If I understand LLVM's docs correctly, the difference between monotonicity and
sequential consistency is that the former is for a single address whereas the
latter is for all addresses. They would've been more clear on this if they had
said "that the modification orders _for different addresses_ can be combined
to a global total order for the whole program".

------
GauntletWizard
I feel like this article is using strange definitions - ones that may be
common, but are also incorrect. There's an example, about halfway through, of
a customer withdrawing $20 twice in different regions from the same bank
account. The definition of "serializable" that the author is using includes
the following flow:

    
    
        A         |         B
        Reads $50 |
                  |Reads $50
        Writes $30|
                  |Writes $30
    

This was a bug, and a huge one in either the application or the database. On
one hand, the application should have sent the SQL statements:

    
    
        A         |         B
        Acct =    |Acct =
        Acct - $20|Acct - $20
    

Or the whole thing should have been wrapped in a transaction, so no
interleaving of A and B would have been permitted.
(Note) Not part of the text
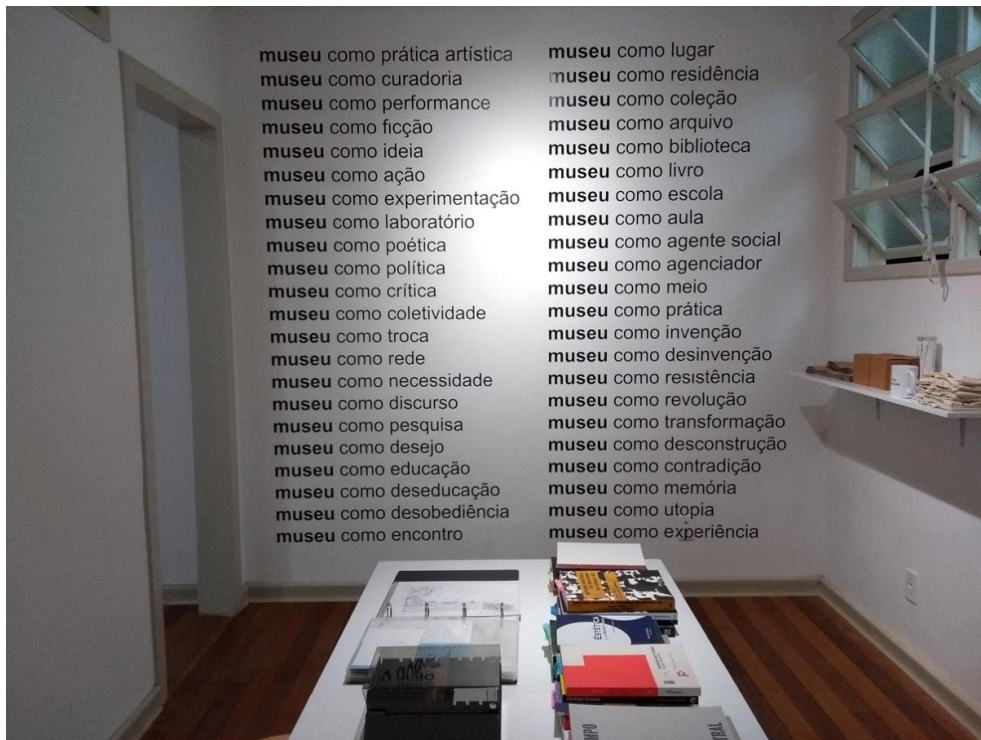
Imagem 1. Museu como (lista) , Museu de Arte de Criciúma, 2020, Centro Cultural Jorge Zanatta, Criciúma/SC.

Either is fine. If the database had not dealt with either, it would have been
incorrect.

Of course, even better, and actually a requirement of proper financial
systems: Write the whole thing as a ledger and archive the results. SQL
databases do actually make this easy, if you archive your Write-ahead-logs.
NoSql makes this easy to write and write verification tools for. The argument
about which is better belongs to implementers, and to fools - the fools who do
not verify correctness of their data regularly.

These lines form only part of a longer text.